Photo by Brandon Todd.

I met him a bit later at the entrance to the artist compound, a fenced-off village of trailers and luxe amenities for performers to enjoy between sets. Here and only here, JMBLYA resembles something that could be related to Coachella; a tent filled with velvet couches, Persian rugs, hookahs, a pop-up shop by famous jeweler Johnny Dang & Co, and a massage corner. Before I get to explore this hidden gem within the parking lot party, I wait for 10 to finish taking pictures with fans. I’m standing with one of the festival organizers and 10’s manager, Ezra Averill, an 18-year-old who’s already an industry veteran.

Averill was born in LA but came of age in Arlington. When he was 14, he began managing some friends, a group of rappers called the Daytona Boyz. One of the members was Tay-K, the teenager whose song “The Race” topped charts in 2017 while he was on the run from a national manhunt. He’s currently incarcerated in a maximum security prison in Tarrant County facing two capital murder charges.

Tay-K and 10K.Caash are two of the biggest stars at Stomp Down Entertainment, a management company started by Averill and Toby Oniyitan, which also represents Houston’s Maxo Kream. The team is focused on bringing Texas rappers to the forefront of the music industry.
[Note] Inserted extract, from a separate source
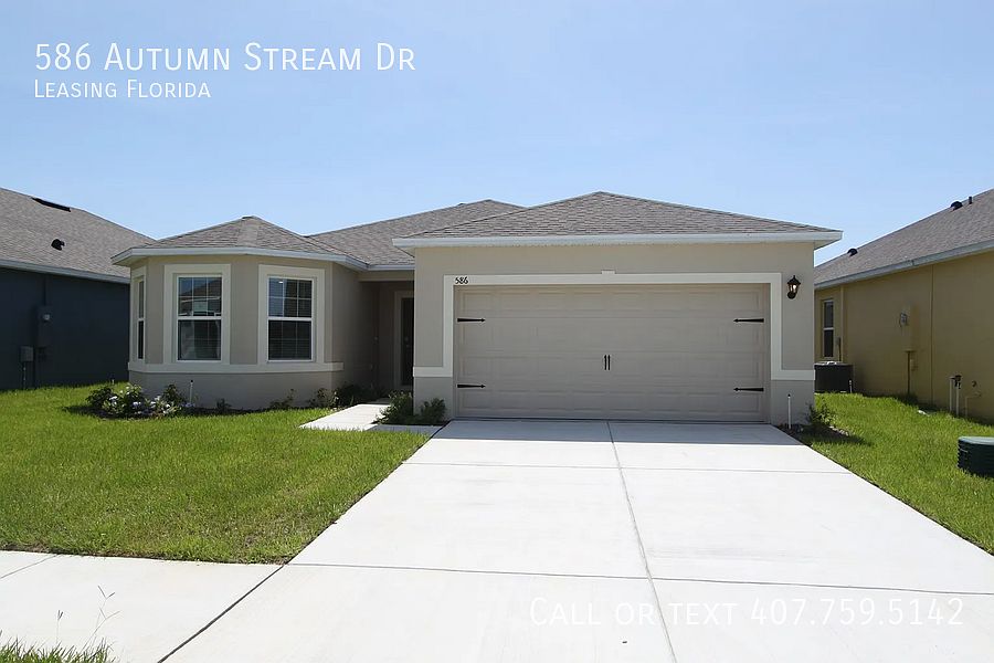 Welcome to 586 Autumn Stream Dr, a breathtaking smart home nestled in the heart of Auburndale! This stunning property boasts a 2-way split floor plan, perfect for maintaining privacy and comfort. Enjoy the luxurious master suite, complete with an ensuite bathroom featuring double vanities, a walk-in shower, and a spacious walk-in closet. The gourmet kitchen is equipped with stainless steel appliances, bay windows, and granite countertops throughout the home. The oversized great room provides ample space for relaxation and entertainment, while the 18x18 tile flooring adds a touch of elegance. Take in the serene pond views from the comfort of your own home, and enjoy the community amenities, including a pool and cabana. Conveniently located between Orlando and Tampa, with easy access to I-4, this property offers the perfect blend of luxury, comfort, and convenience. Don't miss out on this incredible opportunity to own a piece of paradise! Double Vanities Ensuite Bathroom Granite Counters Second Bathroom Small Breakfast Bar Spacious Master Bedroom Walk In Shower
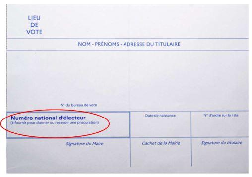 Ce numéro permanent, unique et propre à chaque électeur est composé de 8 ou 9 chiffres. Il figure sur la carte électorale :

“What’s important for me and for them is Texas hip-hop, we’re really focused on making Texas a mainstay in hip-hop again,” Averill told Forbes last year. (Neither he nor Def Jam reps responded to requests for an interview.)

Photo by Brandon Todd.

Averill has some impressive experience under his belt. He organized 21 Savage’s first Dallas show when he was just 15 years old–but standing in front of me, he seems like a pretty average 18-year-old.

“He’s gonna wanna get them passes,” he says to the JMBLYA rep as he watches 10 chat up a group of young ladies who are lacking proper wristbands.

10 finishes taking selfies with fans and we walk back to one of the velvet couches. I’ve been told that he’s not a big talker, and that becomes immediately clear. He’s endearing, though, radiating the giddiness of a teenager and the jadedness of a rising star. When I ask what he listens to he says “Myself, and my friends” with a sly smirk.

He’s reluctant to give any kind of actual answers about what he’s working on, though he says there are plenty of new dances coming. He gives one juicy detail about his upcoming, 25-track album.  

“I’m gonna keep it a secret,” he says. “The biggest artist on there, I will say, is Pusha T.”

I ask him what it’s like to suddenly have fans coming up to him in his hometown, and his veneer fades for half a second.

“It’s crazy because I actually had my own set and everybody came for me. It’s crazy,” he says, breaking into a smile and shaking his head with disbelief.

When I ask how he got in with Def Jam, the walls come back up.

“I just make good music,” he says without missing a beat. “I had, like, 10 offer deals.”